What to produce: Set down the records exactly, and omit any image found in them.

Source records

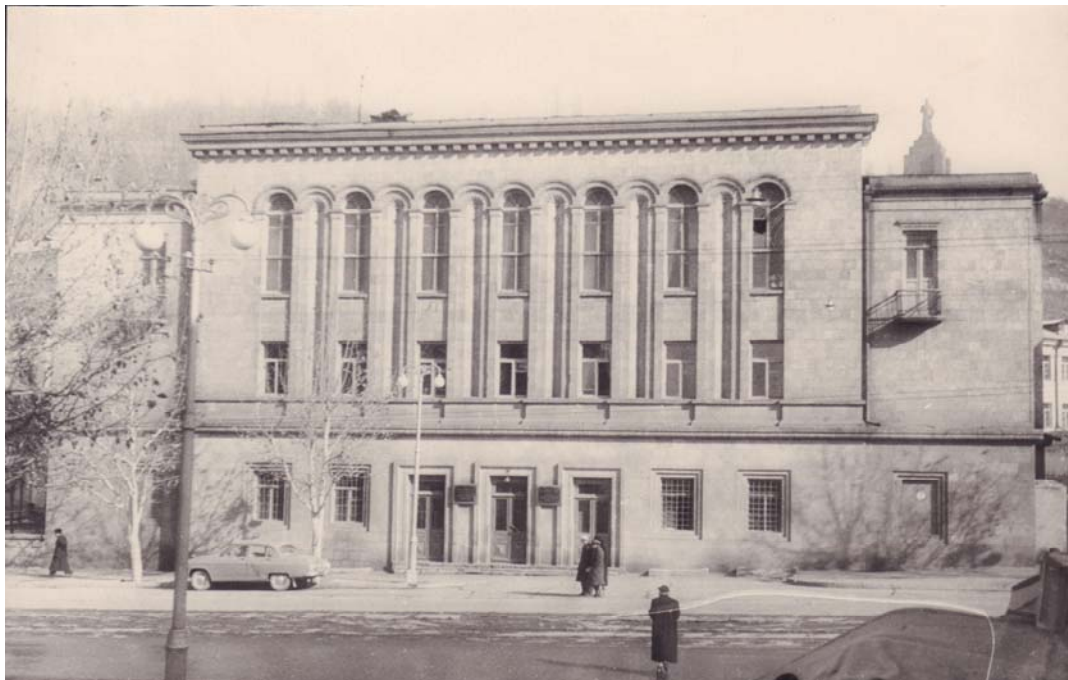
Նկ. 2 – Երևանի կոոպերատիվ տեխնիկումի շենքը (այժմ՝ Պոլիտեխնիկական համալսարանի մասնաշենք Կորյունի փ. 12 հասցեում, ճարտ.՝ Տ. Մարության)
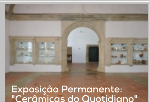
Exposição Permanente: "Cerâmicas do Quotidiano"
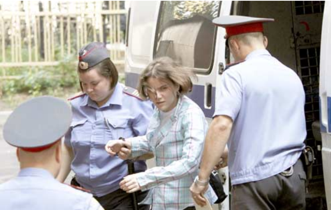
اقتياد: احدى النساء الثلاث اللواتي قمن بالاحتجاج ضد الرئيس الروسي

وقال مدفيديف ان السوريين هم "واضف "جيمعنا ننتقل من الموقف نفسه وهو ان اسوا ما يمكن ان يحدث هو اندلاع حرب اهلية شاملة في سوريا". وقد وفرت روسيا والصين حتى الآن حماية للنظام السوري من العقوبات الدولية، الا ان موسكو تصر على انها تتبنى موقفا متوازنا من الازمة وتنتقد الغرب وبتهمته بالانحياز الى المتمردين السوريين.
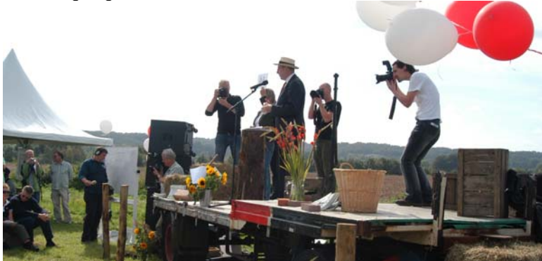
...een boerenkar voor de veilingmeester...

Exercise response:
Նկ. 2 – Երևանի կոոպերատիվ տեխնիկումի շենքը (այժմ՝ Պոլիտեխնիկական համալսարանի մասնաշենք Կորյունի փ. 12 հասցեում, ճարտ.՝ Տ. Մարության)
Exposição Permanente: "Cerâmicas do Quotidiano"
اقتياد: احدى النساء الثلاث اللواتي قمن بالاحتجاج ضد الرئيس الروسي

وقال مدفيديف ان السوريين هم "واضف "جيمعنا ننتقل من الموقف نفسه وهو ان اسوا ما يمكن ان يحدث هو اندلاع حرب اهلية شاملة في سوريا". وقد وفرت روسيا والصين حتى الآن حماية للنظام السوري من العقوبات الدولية، الا ان موسكو تصر على انها تتبنى موقفا متوازنا من الازمة وتنتقد الغرب وبتهمته بالانحياز الى المتمردين السوريين.
...een boerenkar voor de veilingmeester...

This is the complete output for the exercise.